A Puyallup judge dismissed fines given to a dog owner for failing to have his two large labrador retrievers on leashes in a city park. The judge found that the man misinterpreted the leash law as including the electronic collars his dogs wore.

Not to argue with the judge, but that’s ridiculous. Everyone knows that a leash is a leash and that an electronic collar isn’t one.

And the city’s law is clear: Leashes are required on dogs when they’re in public places; it says nothing about electronic collars being equivalent to leashes.

According to Puyallup’s municipal code: “No dog shall be permitted, except on a leash, to use or be on any public street, sidewalk, parkway or public place within the city limits,” and “No leash shall be greater than 8 feet in length.”
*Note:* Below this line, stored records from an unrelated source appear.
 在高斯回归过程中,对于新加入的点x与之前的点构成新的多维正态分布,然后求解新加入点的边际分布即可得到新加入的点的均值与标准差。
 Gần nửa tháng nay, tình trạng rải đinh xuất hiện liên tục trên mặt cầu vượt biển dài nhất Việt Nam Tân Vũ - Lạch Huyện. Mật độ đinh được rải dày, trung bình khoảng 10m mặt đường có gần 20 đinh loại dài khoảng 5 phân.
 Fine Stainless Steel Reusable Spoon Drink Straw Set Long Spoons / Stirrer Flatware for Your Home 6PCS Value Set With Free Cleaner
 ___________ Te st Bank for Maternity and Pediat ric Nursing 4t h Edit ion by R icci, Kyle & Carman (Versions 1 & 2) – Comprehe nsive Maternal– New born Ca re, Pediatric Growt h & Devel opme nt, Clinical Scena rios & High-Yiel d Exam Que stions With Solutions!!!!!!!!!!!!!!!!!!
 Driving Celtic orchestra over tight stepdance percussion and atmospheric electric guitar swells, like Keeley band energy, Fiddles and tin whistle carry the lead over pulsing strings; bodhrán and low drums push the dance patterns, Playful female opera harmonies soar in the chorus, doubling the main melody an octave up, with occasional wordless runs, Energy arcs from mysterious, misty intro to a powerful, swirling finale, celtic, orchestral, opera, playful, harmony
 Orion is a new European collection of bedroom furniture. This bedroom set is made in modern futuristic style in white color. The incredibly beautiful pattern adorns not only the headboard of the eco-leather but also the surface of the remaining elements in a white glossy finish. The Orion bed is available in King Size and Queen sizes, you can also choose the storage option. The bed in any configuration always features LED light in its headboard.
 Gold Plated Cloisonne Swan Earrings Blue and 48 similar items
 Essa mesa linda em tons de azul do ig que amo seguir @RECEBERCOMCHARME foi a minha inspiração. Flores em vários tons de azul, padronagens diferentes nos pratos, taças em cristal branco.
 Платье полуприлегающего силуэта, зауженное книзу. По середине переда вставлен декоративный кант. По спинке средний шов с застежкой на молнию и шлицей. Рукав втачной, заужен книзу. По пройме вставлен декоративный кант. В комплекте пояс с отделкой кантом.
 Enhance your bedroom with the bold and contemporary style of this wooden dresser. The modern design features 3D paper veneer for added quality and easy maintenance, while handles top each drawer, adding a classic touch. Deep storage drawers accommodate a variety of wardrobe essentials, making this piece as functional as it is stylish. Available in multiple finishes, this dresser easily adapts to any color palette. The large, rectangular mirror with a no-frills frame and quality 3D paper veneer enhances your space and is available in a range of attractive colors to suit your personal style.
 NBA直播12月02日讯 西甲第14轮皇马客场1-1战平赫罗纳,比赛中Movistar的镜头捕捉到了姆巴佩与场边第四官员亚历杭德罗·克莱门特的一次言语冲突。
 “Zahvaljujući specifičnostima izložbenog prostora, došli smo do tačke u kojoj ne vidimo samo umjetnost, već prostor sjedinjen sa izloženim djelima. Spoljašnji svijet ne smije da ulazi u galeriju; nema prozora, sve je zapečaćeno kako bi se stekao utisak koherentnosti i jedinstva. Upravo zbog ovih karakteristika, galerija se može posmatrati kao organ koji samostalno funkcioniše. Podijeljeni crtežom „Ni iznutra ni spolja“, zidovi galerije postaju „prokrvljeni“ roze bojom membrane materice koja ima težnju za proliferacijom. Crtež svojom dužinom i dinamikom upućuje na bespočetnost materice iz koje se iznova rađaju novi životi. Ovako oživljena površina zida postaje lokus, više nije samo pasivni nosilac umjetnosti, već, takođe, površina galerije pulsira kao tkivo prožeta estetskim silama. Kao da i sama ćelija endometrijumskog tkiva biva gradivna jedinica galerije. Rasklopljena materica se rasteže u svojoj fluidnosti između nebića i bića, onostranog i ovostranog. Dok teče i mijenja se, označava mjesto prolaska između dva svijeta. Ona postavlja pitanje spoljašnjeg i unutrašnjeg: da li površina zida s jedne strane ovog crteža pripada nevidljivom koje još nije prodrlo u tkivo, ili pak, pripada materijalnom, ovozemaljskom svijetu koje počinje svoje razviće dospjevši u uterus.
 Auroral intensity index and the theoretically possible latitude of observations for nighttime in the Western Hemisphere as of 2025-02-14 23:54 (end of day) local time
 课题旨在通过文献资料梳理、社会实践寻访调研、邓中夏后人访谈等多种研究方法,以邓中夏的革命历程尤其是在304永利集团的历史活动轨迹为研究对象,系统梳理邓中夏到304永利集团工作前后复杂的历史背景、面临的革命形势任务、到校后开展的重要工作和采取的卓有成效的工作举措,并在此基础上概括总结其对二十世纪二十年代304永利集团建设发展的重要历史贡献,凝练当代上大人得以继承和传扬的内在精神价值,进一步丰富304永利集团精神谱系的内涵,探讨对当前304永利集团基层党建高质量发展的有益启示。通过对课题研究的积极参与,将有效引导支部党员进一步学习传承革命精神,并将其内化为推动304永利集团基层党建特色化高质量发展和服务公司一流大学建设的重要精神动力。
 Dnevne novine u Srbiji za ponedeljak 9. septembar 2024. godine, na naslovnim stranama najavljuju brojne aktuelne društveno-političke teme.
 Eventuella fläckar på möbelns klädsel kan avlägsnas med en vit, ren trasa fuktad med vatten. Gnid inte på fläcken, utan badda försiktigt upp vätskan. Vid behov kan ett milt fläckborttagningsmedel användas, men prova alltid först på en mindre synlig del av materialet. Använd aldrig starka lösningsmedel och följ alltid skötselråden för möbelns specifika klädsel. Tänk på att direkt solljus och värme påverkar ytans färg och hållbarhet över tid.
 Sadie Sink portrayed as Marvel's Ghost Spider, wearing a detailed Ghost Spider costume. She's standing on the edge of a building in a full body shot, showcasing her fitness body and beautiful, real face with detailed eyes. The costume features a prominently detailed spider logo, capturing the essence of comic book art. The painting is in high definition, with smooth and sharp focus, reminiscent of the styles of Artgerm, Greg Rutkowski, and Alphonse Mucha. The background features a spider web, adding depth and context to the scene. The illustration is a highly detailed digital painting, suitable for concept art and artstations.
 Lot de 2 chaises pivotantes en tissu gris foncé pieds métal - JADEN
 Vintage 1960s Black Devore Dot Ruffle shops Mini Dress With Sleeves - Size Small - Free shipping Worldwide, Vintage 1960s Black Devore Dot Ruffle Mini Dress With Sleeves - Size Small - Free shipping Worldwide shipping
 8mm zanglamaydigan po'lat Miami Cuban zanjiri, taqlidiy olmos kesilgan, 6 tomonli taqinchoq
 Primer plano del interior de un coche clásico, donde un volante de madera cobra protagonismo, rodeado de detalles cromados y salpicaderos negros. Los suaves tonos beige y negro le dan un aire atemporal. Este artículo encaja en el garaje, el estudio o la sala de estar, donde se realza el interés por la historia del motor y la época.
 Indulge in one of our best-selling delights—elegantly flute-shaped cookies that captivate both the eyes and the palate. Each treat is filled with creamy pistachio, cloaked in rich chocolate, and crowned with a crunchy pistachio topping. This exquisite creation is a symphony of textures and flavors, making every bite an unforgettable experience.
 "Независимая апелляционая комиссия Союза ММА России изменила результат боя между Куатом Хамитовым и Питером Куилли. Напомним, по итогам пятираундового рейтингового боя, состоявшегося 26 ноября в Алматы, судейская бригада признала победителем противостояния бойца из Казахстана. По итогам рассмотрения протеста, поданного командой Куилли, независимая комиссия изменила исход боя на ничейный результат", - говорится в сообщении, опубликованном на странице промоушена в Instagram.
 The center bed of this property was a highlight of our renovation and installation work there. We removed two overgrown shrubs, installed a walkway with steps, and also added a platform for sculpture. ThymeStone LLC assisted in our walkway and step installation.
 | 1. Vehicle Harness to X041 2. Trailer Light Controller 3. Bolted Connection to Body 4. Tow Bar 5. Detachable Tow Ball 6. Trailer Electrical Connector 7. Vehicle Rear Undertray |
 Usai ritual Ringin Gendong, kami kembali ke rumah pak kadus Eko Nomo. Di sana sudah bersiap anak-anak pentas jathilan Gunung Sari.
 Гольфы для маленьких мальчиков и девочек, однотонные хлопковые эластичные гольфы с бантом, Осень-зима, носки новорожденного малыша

It really couldn’t be much clearer.

Terry Nelson of Puyallup was using electronic collars on his golden labs so they could practice hunting techniques. He admits that the dogs were 20 to 30 yards away from him – up to 82 feet farther away than allowed by the leash law. Even if Nelson thought that the collars were equivalent to leashes, he should not have allowed them to be more than 8 feet away from him.

Puyallup – like unincorporated Pierce County and most of its cities – has a leash law for a reason: public safety. While many, if not most, dogs could probably be trusted to behave when they’re out in public, enough of them pose a threat that leash laws are necessary. It’s not uncommon for unleashed dogs to run up to small children or frail adults and frighten or knock them over. Many dog owners have stories about how their leashed pets were attacked by dogs running off-leash.

An electronic collar depends on constant line of sight if it’s to be an effective control device. What happens on a trail when the dog goes around a bend and cannot be seen by the owner? How can the owner know that he must exert control should the dog encounter people, another dog or wildlife?

How is someone who sees a large dog approaching supposed to know that it is actually on a “leash,” just one that can’t be seen – especially if the owner isn’t in sight?

Requiring an actual leash on a dog – not an invisible one – is also important for enforcement purposes. An officer can spot an infraction from a distance and does not have to park, confront the dog owner and inspect the equipment to ensure that it actually is an electronic collar in working condition – complete with live batteries.

If dog owners want their animals to run free, they can take them to one of the area’s off-leash parks. There’s no excuse for allowing them to run unrestrained in a city park, no matter how well-behaved their owners think they are. Too many people have found out the hard way that their dogs aren’t always the gentle animals they thought they were.

Leave a comment Comments → 9
  1. Dave98373 says:

    Shock collars are cruel and do not provide positive control over a dog. When is a leash a leash? This judge is apparently willing to take on the definition of what a leash is….all at taxpayer’s expense, of course.

  2. computer1015 says:

    It never fails to amaze me that some people don’t realize that their doggie-woggie may not everyone’s idea of a soul mate.
    If you must take your dog for a walk in public areas, please use a leash.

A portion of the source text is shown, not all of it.